◆ WHAT YOU SHOULD DO:
All entries should be copied exactly; the pictures stay out.

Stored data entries
Start of Block

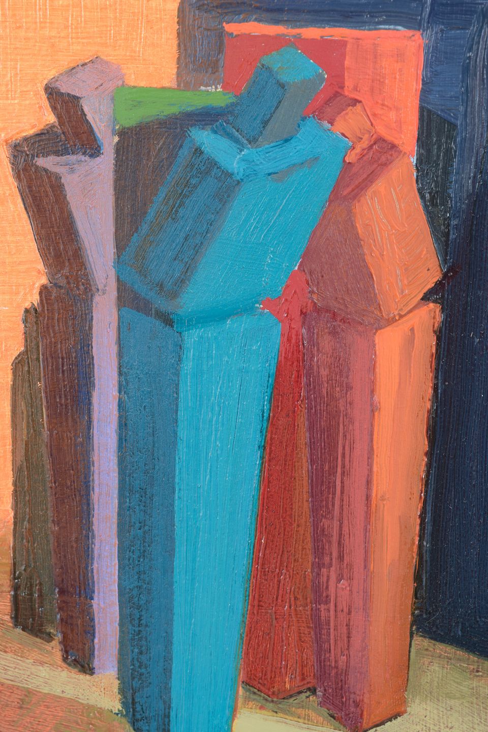 Kubistisk komposition med stiliserede, arkitektoniske figurer i klare farvefelter, udført i olie på træplade og signeret.
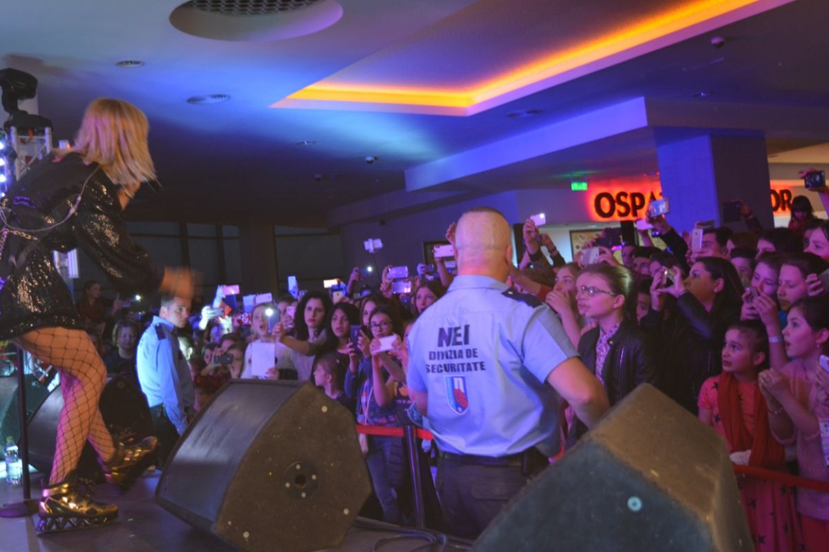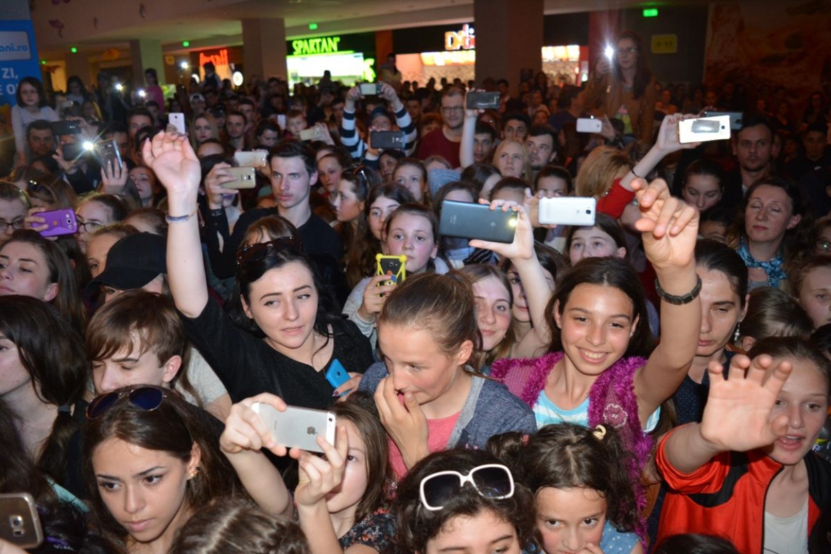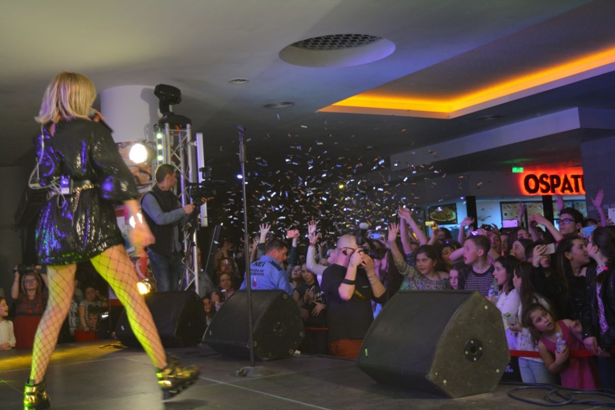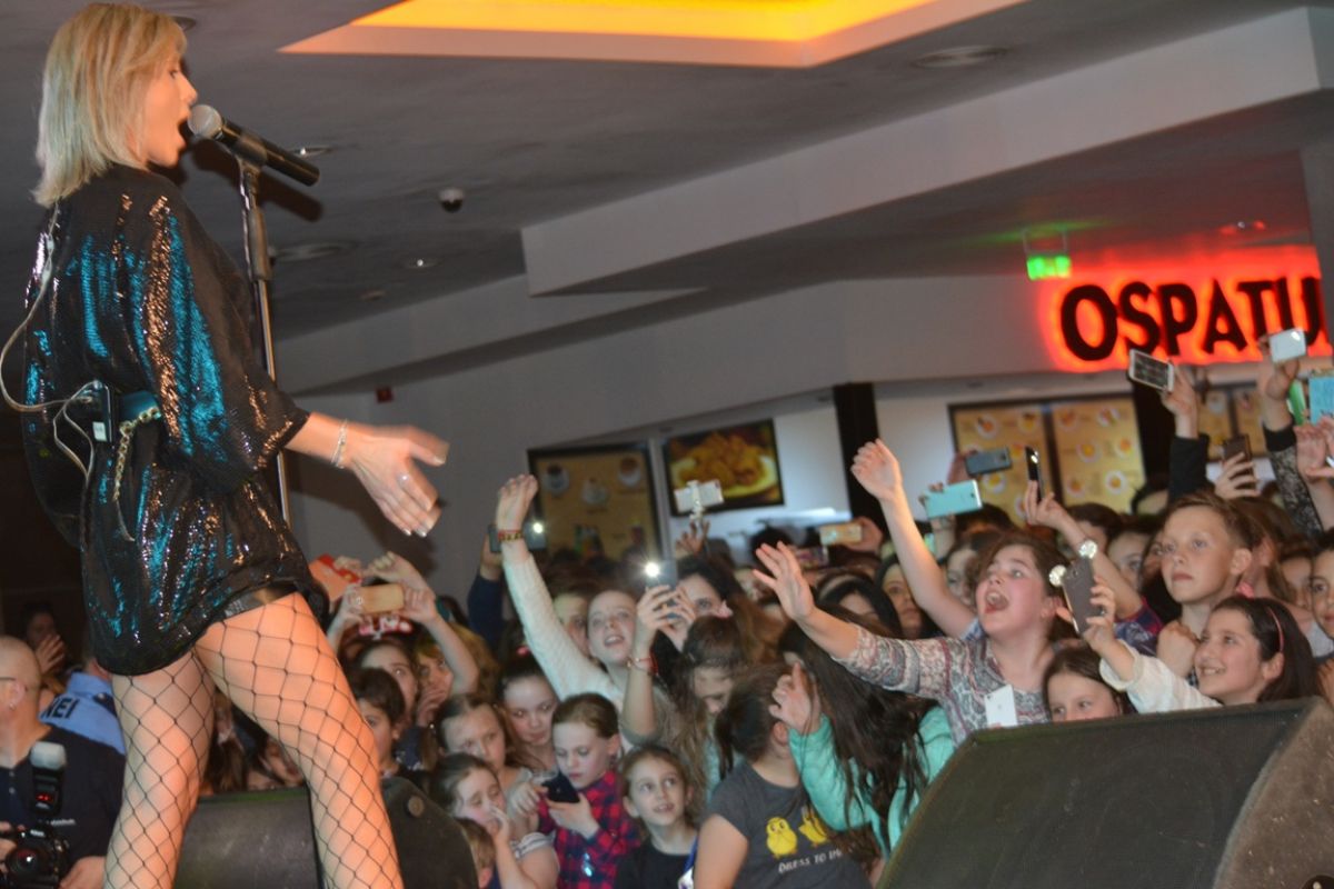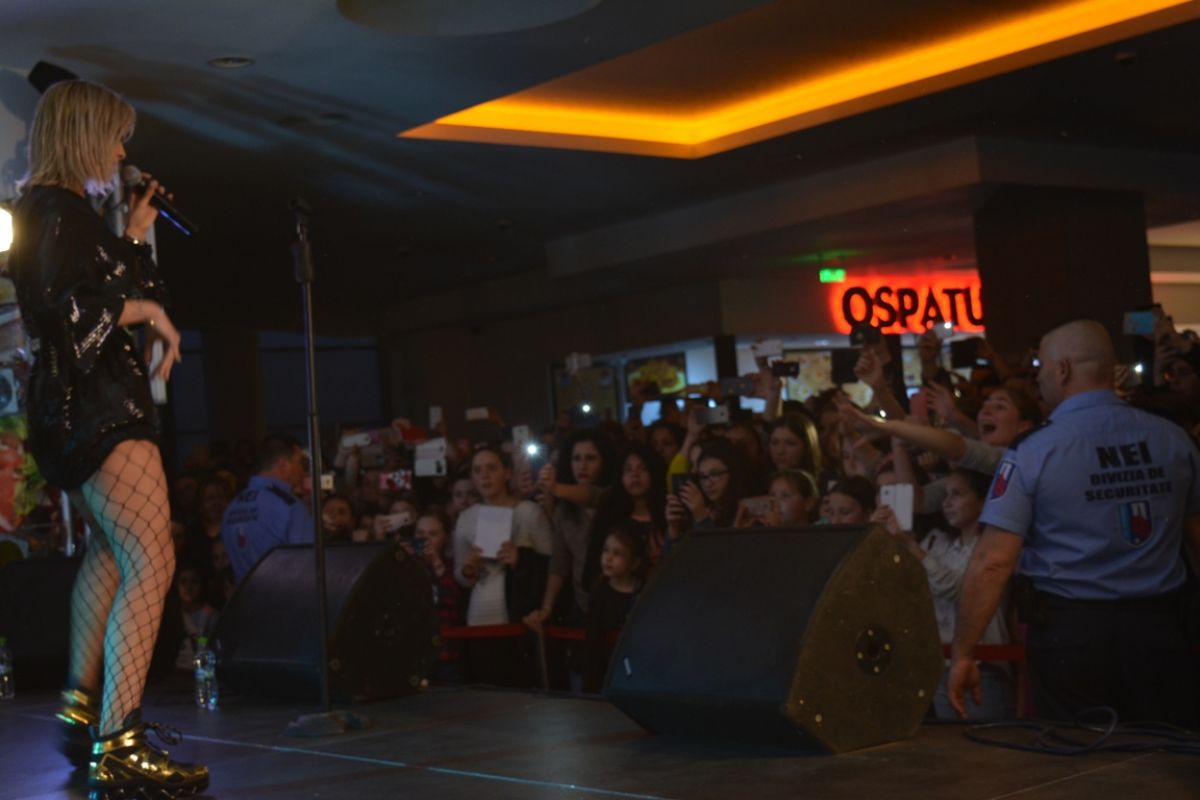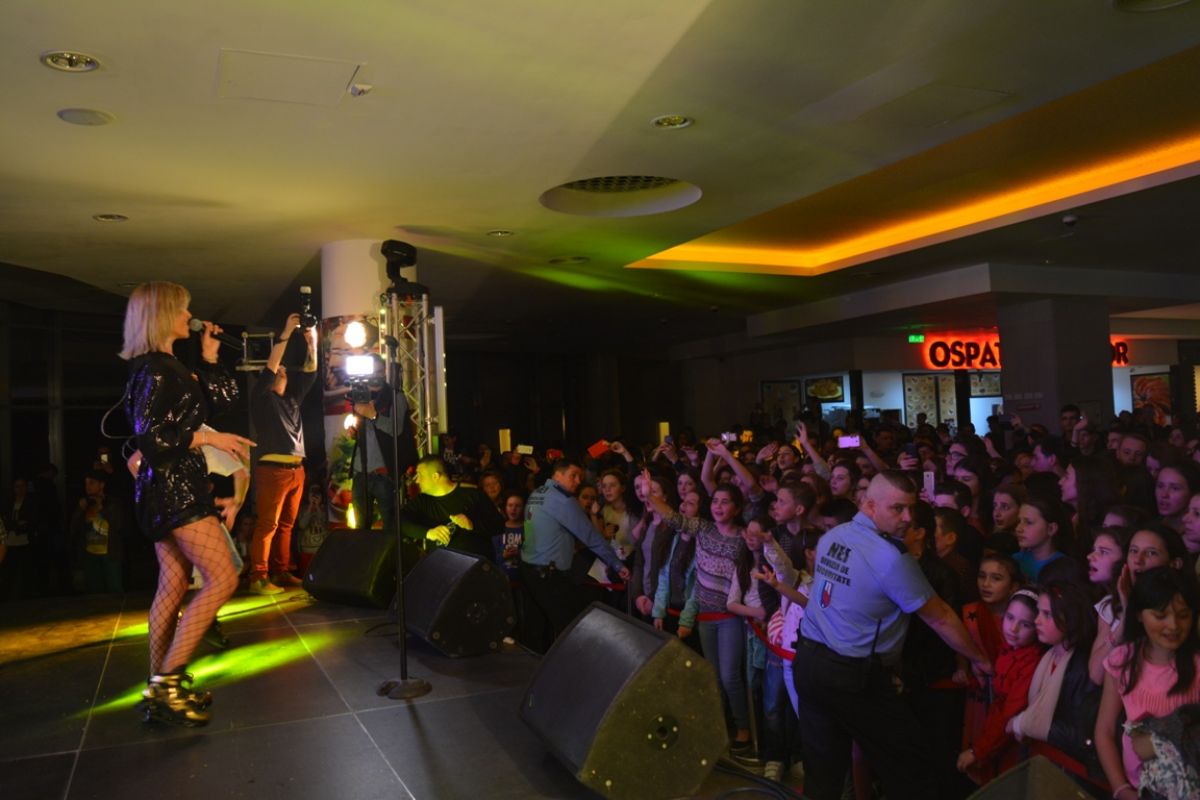 Interpreta născută la Buftea, în 1993 și cunoscută în toată țara după rolul din serialul ”Pariu cu viața” a creat o isterie în cel mai pur sens al cuvântului atunci când urcat pe scenă. Sute de oameni au umplut etajul IV al complexului comercial, mai ales copiii și adolescenții țipând din adâncul sufletului.
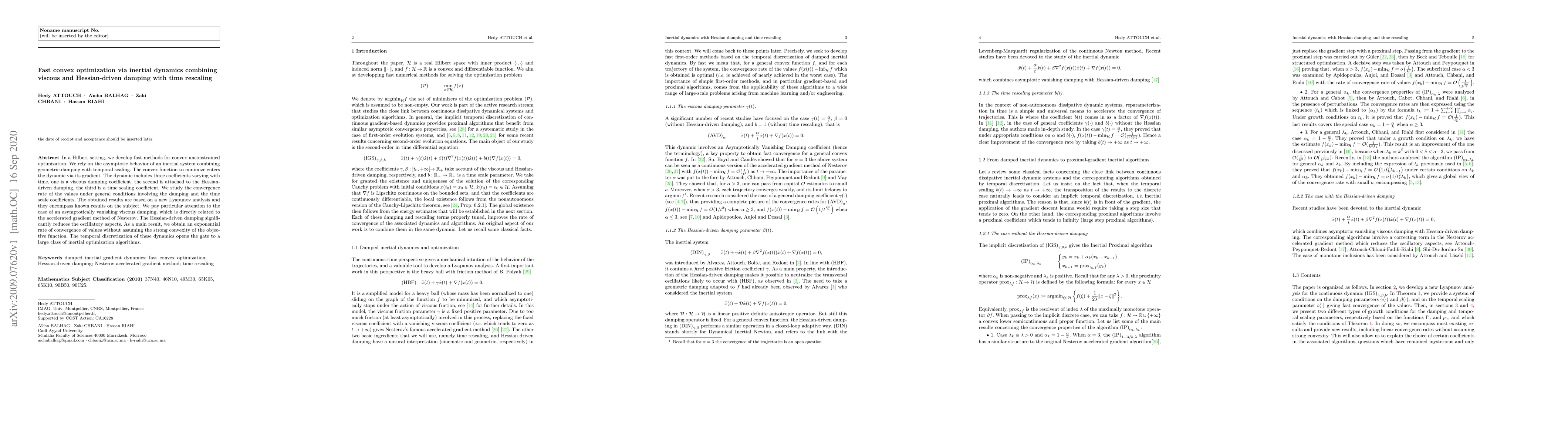This paper proposes fast convex optimization methods using inertial dynamics with geometric damping and time rescaling. It achieves an exponential convergence rate without requiring strong convexity, leveraging a new Lyapunov analysis and extending known results, particularly relating to Nesterov's accelerated gradient method.
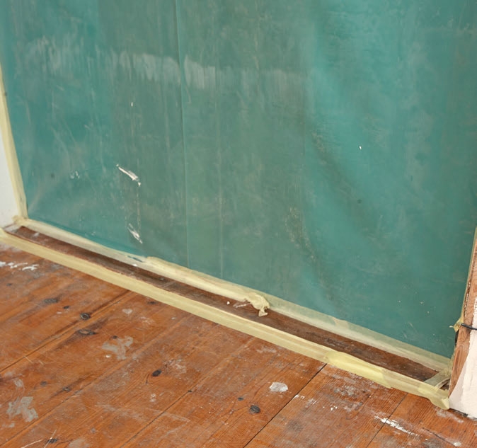 Luk grundigt af mod husets øvrige rum. Døre slutter slet ikke tæt nok til at hindre, at støvet finder ud i huset og trænger ind overalt, helt ned i skabe og skuff er. Her bruger vi dampspærreplast, som tapes fast.
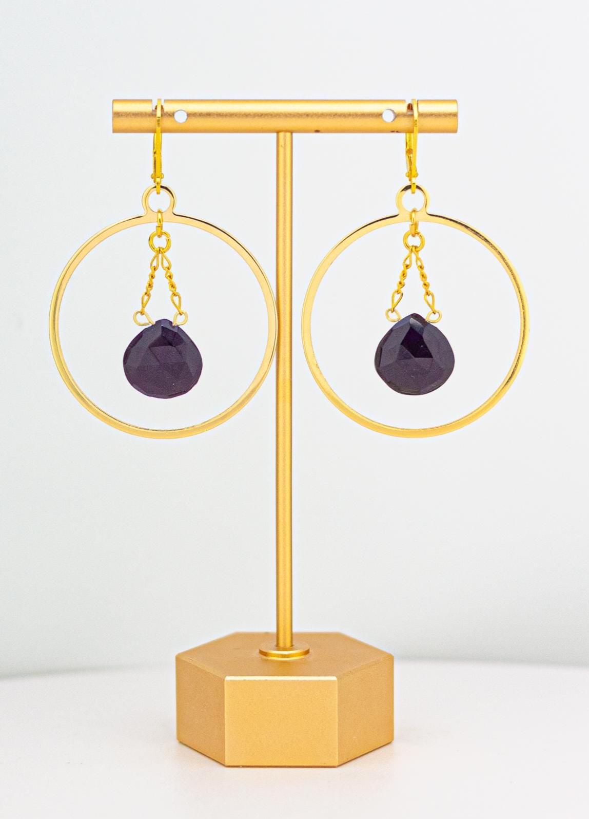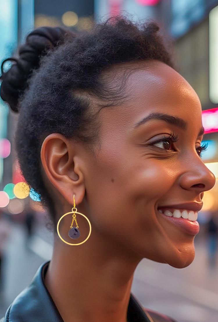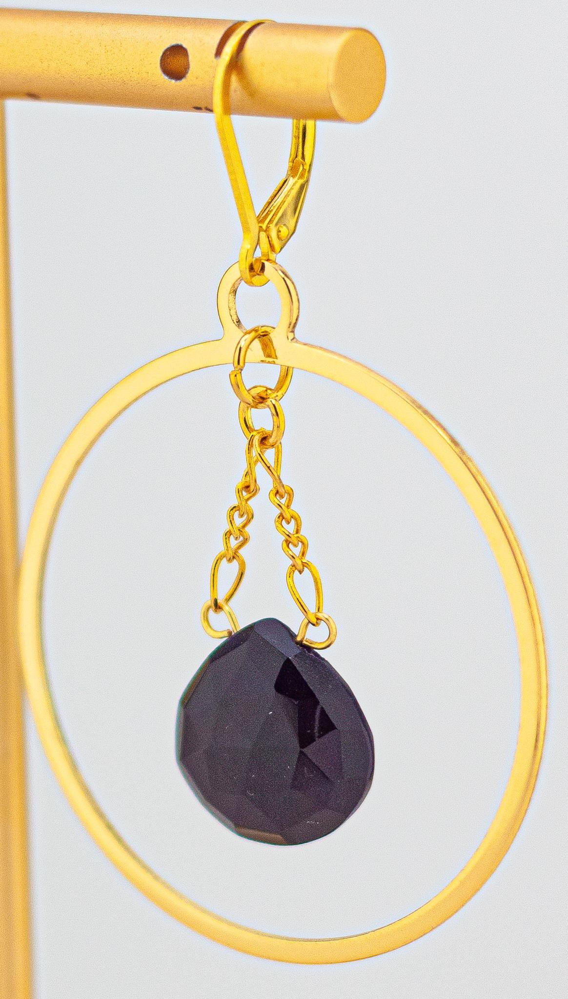 The vibrant bright pink shade of the chalcedony stones beautifully contrasts with the gold hoops, creating a playful and unique look that's perfect for a night out. Adorned with dazzling teardrop-shaped pink chalcedony beads, these boho chic earrings exude modern elegance and radiate a glamorous aura. Plus, with their secure and comfortable lever back closure and 2-inch length, they are as practical as they are chic. Elevate your style with these large gold hoop earrings, they are guaranteed to make a statement and attract attention.
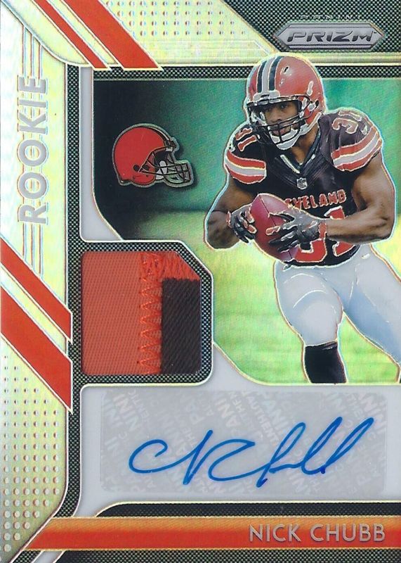 The Nick Chubb 2018 Prizm #RPA-NC Rookie Patch Auto /99 card in Raw condition has not changed in price in the last 30 days and was last sold for $64.89 .
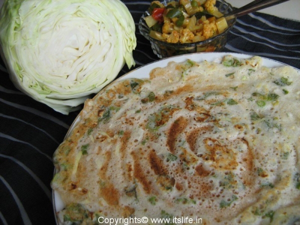 Soak Rice, Urad Dal, Methi, Tuvar Dal in water for 4 hours. Grind them together to a batter and leave it for 8 hours to ferment. Add Cabbage, Green Chilies, Coriander leaves, Curry leaves, Asafetida and Salt to the batter and mix well. Heat a griddle and pour a ladleful of batter and spread it in a circular shape. Sprinkle Oil and roast on both sides. Serve hot Cabbage Dosa with Chutney.
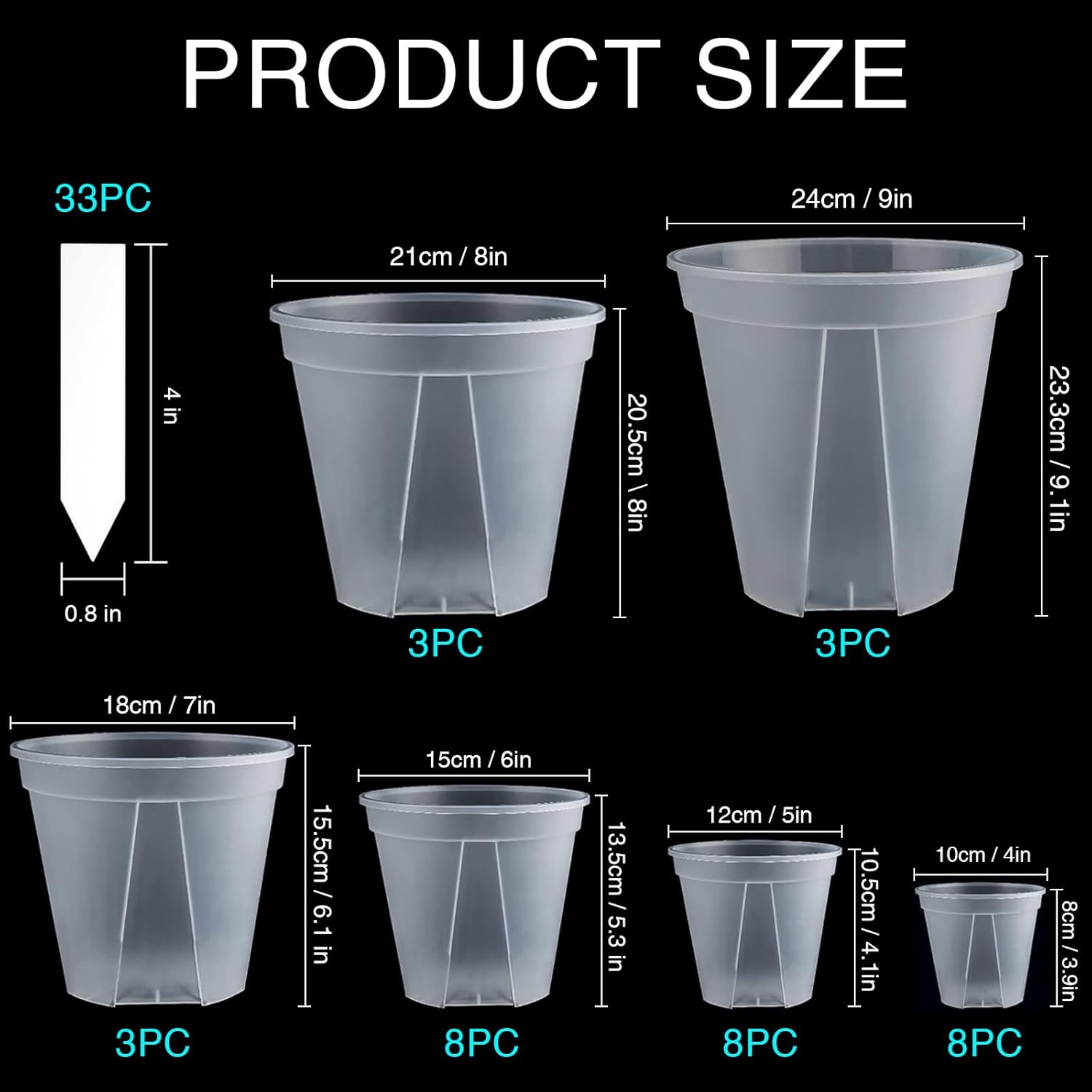33PCS Frosted Clear Plastic Plant Pots with 33 Plant Labels 4/5/6/7/8/9 Inch Thickened PP Nursery Pots for Indoor Outdoor Plants
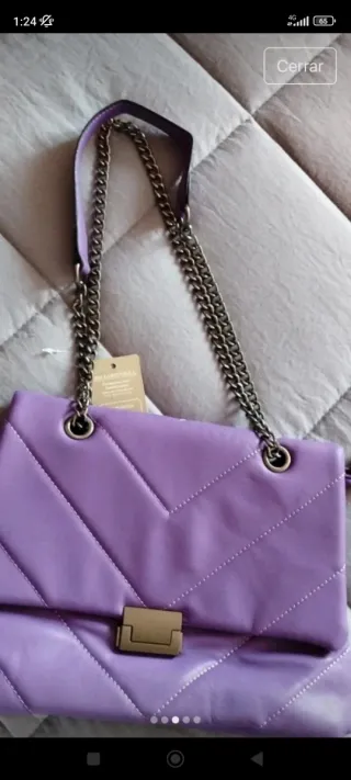 Bolso de mano para mujer con un diseño acolchado y moderno. - Color morado vibrante. - Asa de cadena metálica. - Cierre de solapa con broche dorado.

End of Block

◆ RESPONSE FOR THIS EXERCISE:
 Kubistisk komposition med stiliserede, arkitektoniske figurer i klare farvefelter, udført i olie på træplade og signeret.
 Interpreta născută la Buftea, în 1993 și cunoscută în toată țara după rolul din serialul ”Pariu cu viața” a creat o isterie în cel mai pur sens al cuvântului atunci când urcat pe scenă. Sute de oameni au umplut etajul IV al complexului comercial, mai ales copiii și adolescenții țipând din adâncul sufletului.
This paper proposes fast convex optimization methods using inertial dynamics with geometric damping and time rescaling. It achieves an exponential convergence rate without requiring strong convexity, leveraging a new Lyapunov analysis and extending known results, particularly relating to Nesterov's accelerated gradient method.
 Luk grundigt af mod husets øvrige rum. Døre slutter slet ikke tæt nok til at hindre, at støvet finder ud i huset og trænger ind overalt, helt ned i skabe og skuff er. Her bruger vi dampspærreplast, som tapes fast.
 The vibrant bright pink shade of the chalcedony stones beautifully contrasts with the gold hoops, creating a playful and unique look that's perfect for a night out. Adorned with dazzling teardrop-shaped pink chalcedony beads, these boho chic earrings exude modern elegance and radiate a glamorous aura. Plus, with their secure and comfortable lever back closure and 2-inch length, they are as practical as they are chic. Elevate your style with these large gold hoop earrings, they are guaranteed to make a statement and attract attention.
 The Nick Chubb 2018 Prizm #RPA-NC Rookie Patch Auto /99 card in Raw condition has not changed in price in the last 30 days and was last sold for $64.89 .
 Soak Rice, Urad Dal, Methi, Tuvar Dal in water for 4 hours. Grind them together to a batter and leave it for 8 hours to ferment. Add Cabbage, Green Chilies, Coriander leaves, Curry leaves, Asafetida and Salt to the batter and mix well. Heat a griddle and pour a ladleful of batter and spread it in a circular shape. Sprinkle Oil and roast on both sides. Serve hot Cabbage Dosa with Chutney.
33PCS Frosted Clear Plastic Plant Pots with 33 Plant Labels 4/5/6/7/8/9 Inch Thickened PP Nursery Pots for Indoor Outdoor Plants
 Bolso de mano para mujer con un diseño acolchado y moderno. - Color morado vibrante. - Asa de cadena metálica. - Cierre de solapa con broche dorado.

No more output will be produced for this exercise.